(Problem to work on):
Retype all of the data word for word, without pictures.

(Raw data):
****************

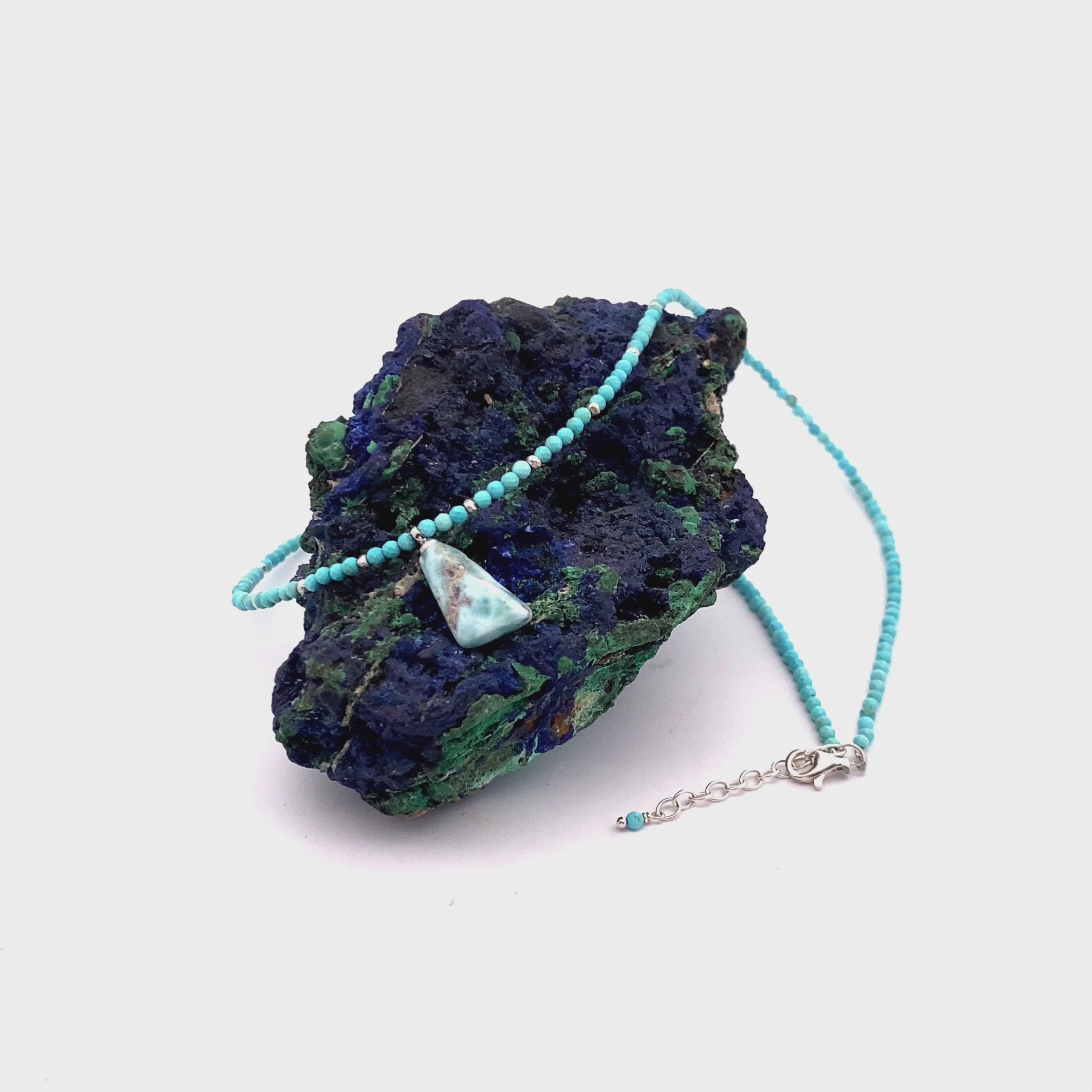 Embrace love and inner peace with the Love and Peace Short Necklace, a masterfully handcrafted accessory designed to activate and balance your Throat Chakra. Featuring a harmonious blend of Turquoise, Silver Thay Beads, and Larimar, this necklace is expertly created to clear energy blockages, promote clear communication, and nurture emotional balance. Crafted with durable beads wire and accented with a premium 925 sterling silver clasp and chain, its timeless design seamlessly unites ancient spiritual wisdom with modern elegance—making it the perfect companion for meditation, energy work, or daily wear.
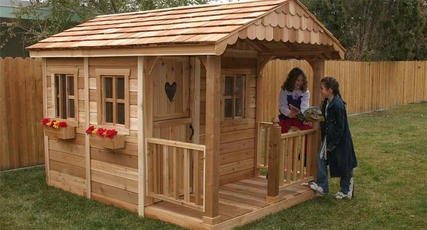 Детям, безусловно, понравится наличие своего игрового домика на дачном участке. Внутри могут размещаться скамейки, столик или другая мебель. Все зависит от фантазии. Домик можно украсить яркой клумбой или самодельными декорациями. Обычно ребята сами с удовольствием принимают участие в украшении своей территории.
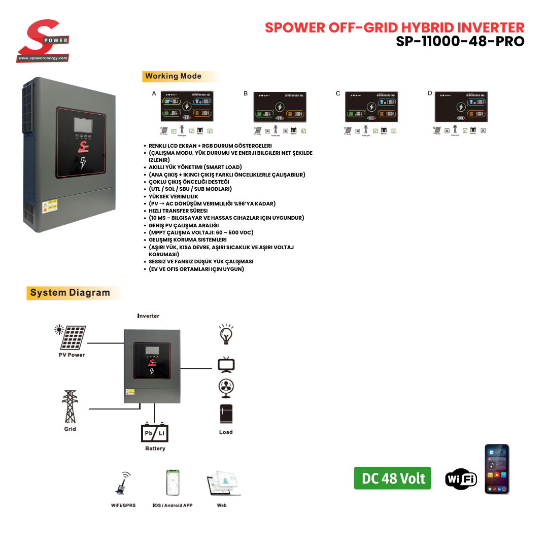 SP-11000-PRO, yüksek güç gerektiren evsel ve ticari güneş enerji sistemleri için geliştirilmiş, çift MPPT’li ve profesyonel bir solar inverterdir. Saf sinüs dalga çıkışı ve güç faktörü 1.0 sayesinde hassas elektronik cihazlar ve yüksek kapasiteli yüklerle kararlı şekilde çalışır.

****************

(The answer):
 Embrace love and inner peace with the Love and Peace Short Necklace, a masterfully handcrafted accessory designed to activate and balance your Throat Chakra. Featuring a harmonious blend of Turquoise, Silver Thay Beads, and Larimar, this necklace is expertly created to clear energy blockages, promote clear communication, and nurture emotional balance. Crafted with durable beads wire and accented with a premium 925 sterling silver clasp and chain, its timeless design seamlessly unites ancient spiritual wisdom with modern elegance—making it the perfect companion for meditation, energy work, or daily wear.
 Детям, безусловно, понравится наличие своего игрового домика на дачном участке. Внутри могут размещаться скамейки, столик или другая мебель. Все зависит от фантазии. Домик можно украсить яркой клумбой или самодельными декорациями. Обычно ребята сами с удовольствием принимают участие в украшении своей территории.
 SP-11000-PRO, yüksek güç gerektiren evsel ve ticari güneş enerji sistemleri için geliştirilmiş, çift MPPT’li ve profesyonel bir solar inverterdir. Saf sinüs dalga çıkışı ve güç faktörü 1.0 sayesinde hassas elektronik cihazlar ve yüksek kapasiteli yüklerle kararlı şekilde çalışır.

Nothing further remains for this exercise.